Crooks in Cloisters was filmed at the Associated British Picture Studios at Borehamwood in Hertfordshire, and at St Mawes in Cornwall. The harbour is Portloe. The opening train robbery sequence involves British Rail class 4 diesel locomotive D140 (later to become class 46 under TOPS) at an as-yet unidentified location. The exteriors sequences for the monastery were filmed around the grounds of Ashridge House in Ashridge near Berkhamsted in Hertfordshire.

== Critical reception ==
The Monthly Film Bulletin wrote: "Surprisingly, this turns out to be one of those films which are more entertaining than they look on paper. Some of the material is obvious, certainly, and even ardent enthusiasts of broad farce would seldom find it screamingly funny; but on the other hand, like Jeremy Summers' first film, The Punch and Judy Man, it is done with an ingratiating geniality and quiet good humour, coupled with an absence of the chamber pot jokes usually associated with this type of comedy. Walt's semi-comic yet sincere prayer to the Almighty for the recovery of the critically ill Willy is a touch which could well be dispensed with, although even this is not so embarrassing as it might have been. The casting could hardly have been bettered."

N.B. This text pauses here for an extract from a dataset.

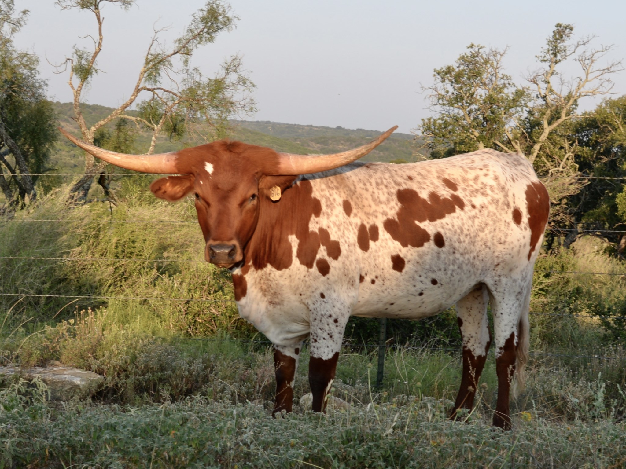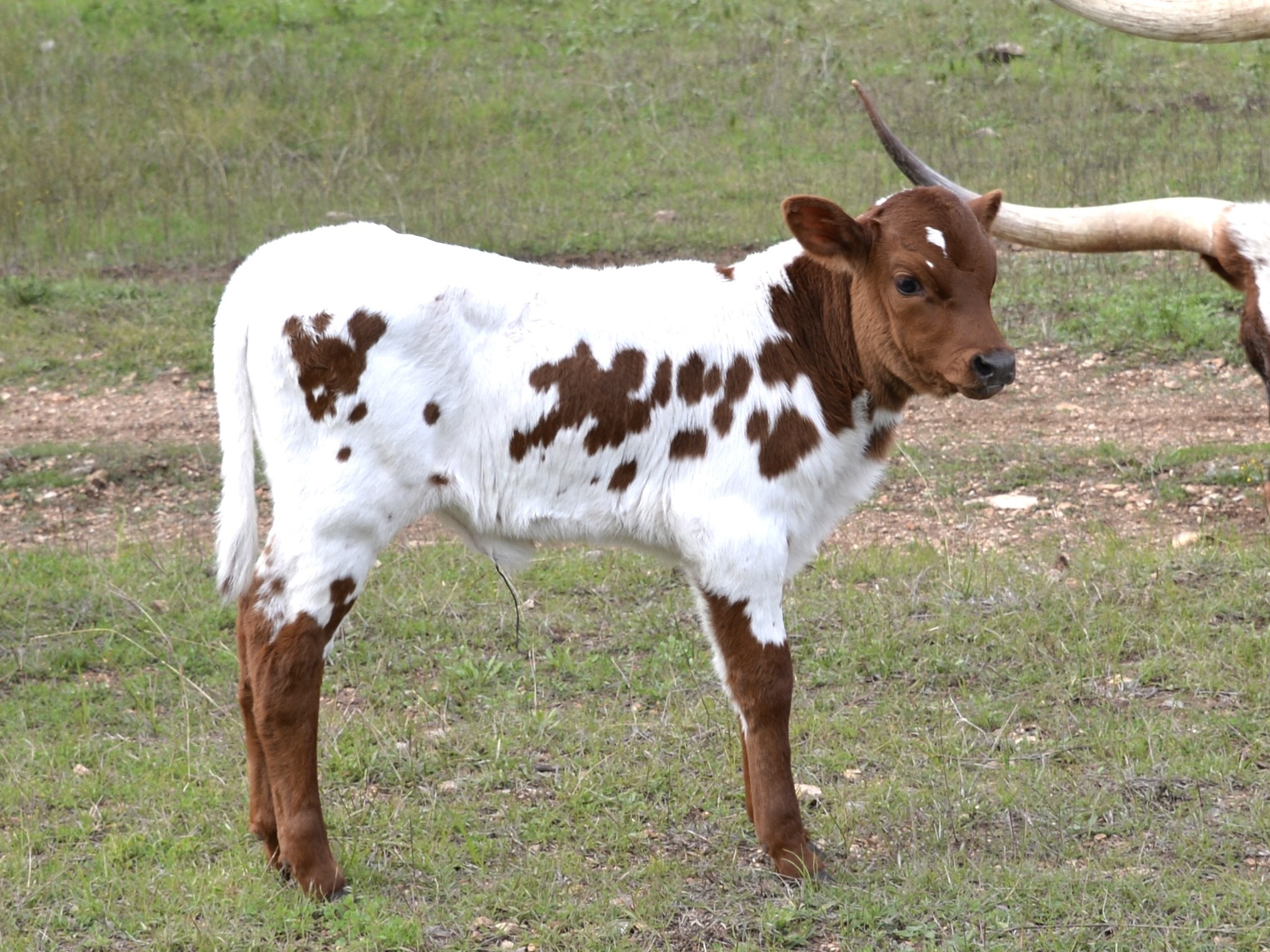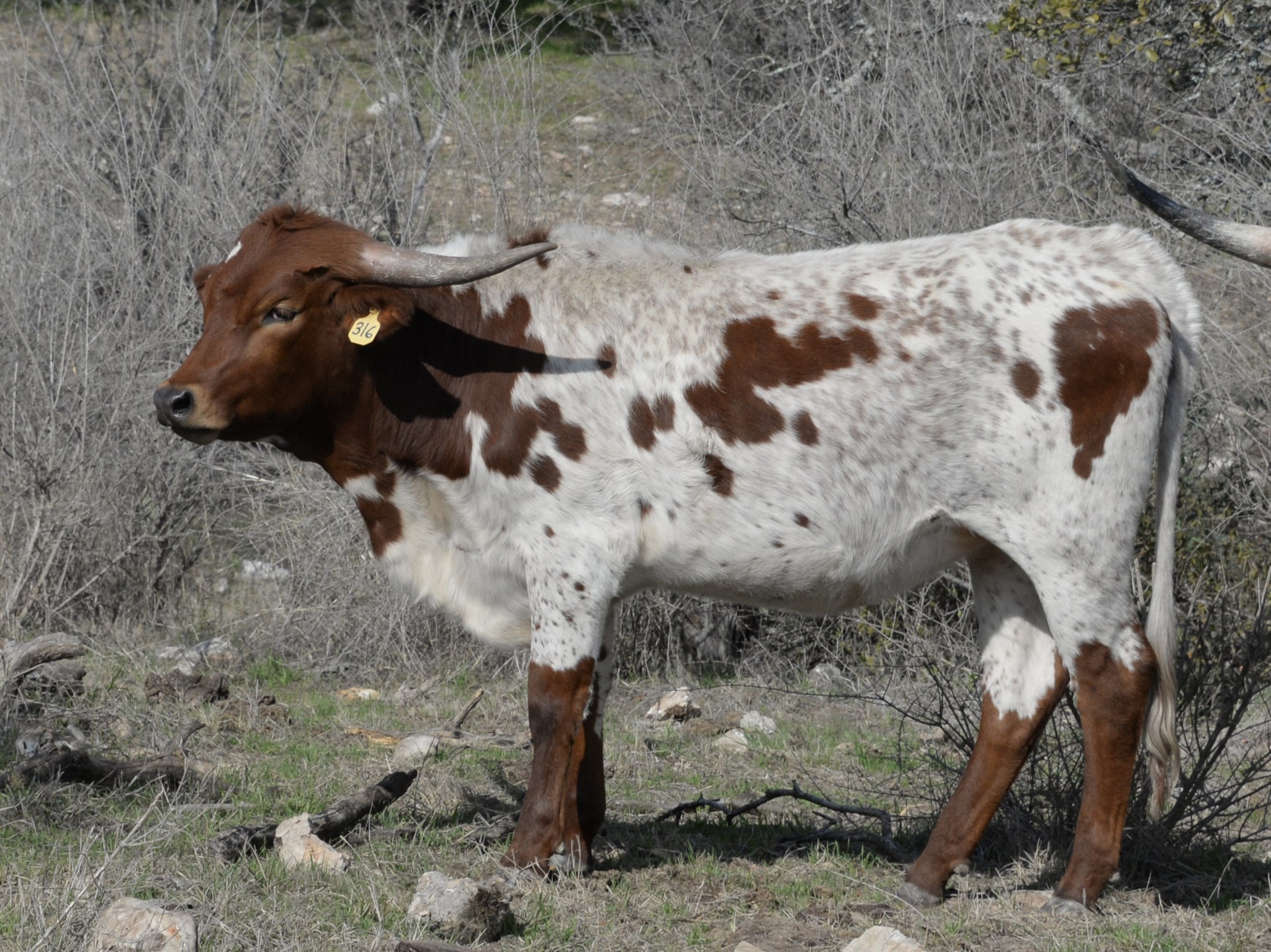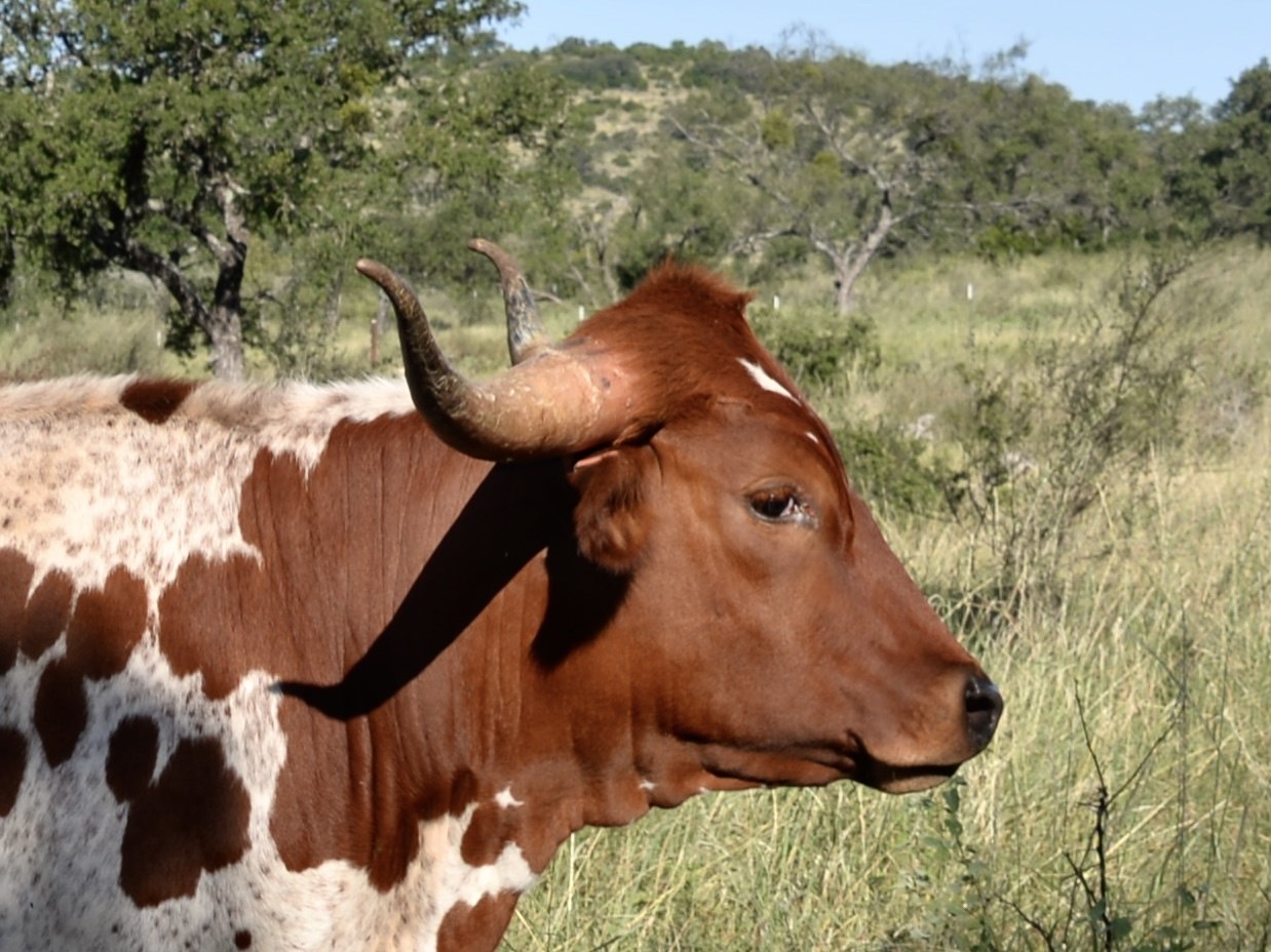This outstanding heifer has a large thick body with great conformation. She has swept back horns will rolled over tips, indicating the start of a nice twist!

The Radio Times Guide to Films gave the film 3/5 stars, writing: "Anything but a pseudo-Carry On, this cosy bungled crime comedy is much more a product of the post-Ealing school. The emphasis is firmly on character as Ronald Fraser and his gang lie low in a monastery to throw the cops off their trail. Bernard Cribbins is in fine fettle as one of Fraser's gormless colleagues and Barbara Windsor is funnier than the Carry Ons ever allowed her to be."